Disaster Recovery Plan

Overview

This document discusses Incorta High Availability and Disaster Recovery architectures at a high level. The intended audience are the infrastructure and operations teams who need to understand how Incorta is installed and maintained.

Architecture Goals

  • Functioning Primary system in case of node failures
  • Switching to DR system in case of site failures

Architecture Considerations

The following is a list of architecture principles to be used for the Incorta DR Architecture

  • DR site will be in a different Data Center than the Primary Site
  • There will be at least one DR site for the Incorta solution
  • The Primary and DR sites can have different time zones
  • Data located on Primary site is replicated to DR site asynchronously.
  • Some manual steps are expected to switch to DR servers.

Incorta HA Architecture

Architecture

Figure 1: Incorta High Level Architecture
A Typical Incorta High Availability architecture consists of

  • – Incorta cluster with at least 2 nodes
  • – Zookeeper Ensemble with 3 nodes
  • – Database Cluster
  • – Shared Storage
  • – Spark Cluster (Optional)

The High Availability architecture deals with individual node failures and does not take care of disasters where a whole site fails.

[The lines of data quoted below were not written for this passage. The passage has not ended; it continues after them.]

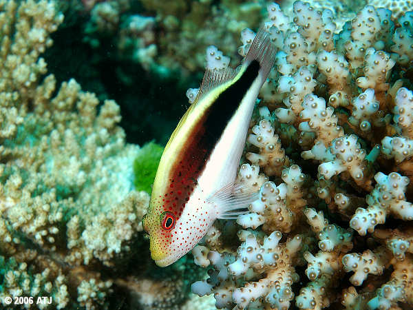 Blackside Hawkfish, Paracirrhites forsteri. 8.1 m. |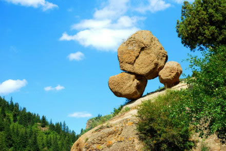 寧武縣城30公里處的東寨鎮(zhèn)西樓子山南麓半坡,有一座峭巖矗立于溝側(cè)溪畔。這峭巖高約兩丈余,頂部巍巍托起一塊巨大奇石。這奇石以兩塊小石作支腳,立于約三四十度的峭巖斜坡頂部。奇石高約3米,闊約2米。雖立斜坡,風(fēng)吹似動(dòng),但數(shù)干百年來(lái),它卻一直屹立在那里。由于奇石狀似加蓋的鍋,支撐它的兩小石形若鍋腳,故而人稱“支鍋奇石”,成為古寧武府和寧武縣八大奇景之一。據(jù)關(guān)專家考察,該奇石形成于第四紀(jì)冰川期。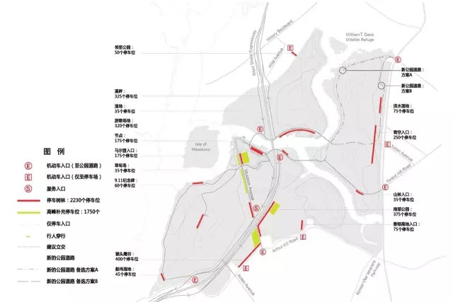 (5)在生態(tài)敏感度允許條件下優(yōu)化交通網(wǎng)絡(luò),提升公園在紐約市域及區(qū)域范圍內(nèi)的可達(dá)性;

The following figure illustrates the various components in detail within a High Availability architecture.

Architecture

Figure 1: Incorta High Level Architecture
This sample HA Architecture for the primary site consisting of the following:

  • Incorta cluster with 2 nodes
    • Both the nodes will be in sync.
  • Zookeeper cluster with 3 nodes
    • Zookeeper is used to coordinate Incorta and Spark nodes
  • Shared Storage
    • Stores the Extracted data
  • DB Cluster
    • Stores key metadata
  • Spark cluster with 2 nodes
    • Spark is optional and used for complex transformations

One half of the cluster consist of Incorta Node-1 , Spark Node-1 and Zookeeper Node-1 and resides on an ESX Server 1. The other half of the cluster consist of Incorta Node-2, Spark Node-2 and Zookeeper Node-2 and resides on ESX Server 2. Since Zookeeper Ensemble requires at least 3 nodes, the third zookeeper node can be placed on any small VM. Metadata database should also be highly available. It can be a MySQL or Oracle cluster.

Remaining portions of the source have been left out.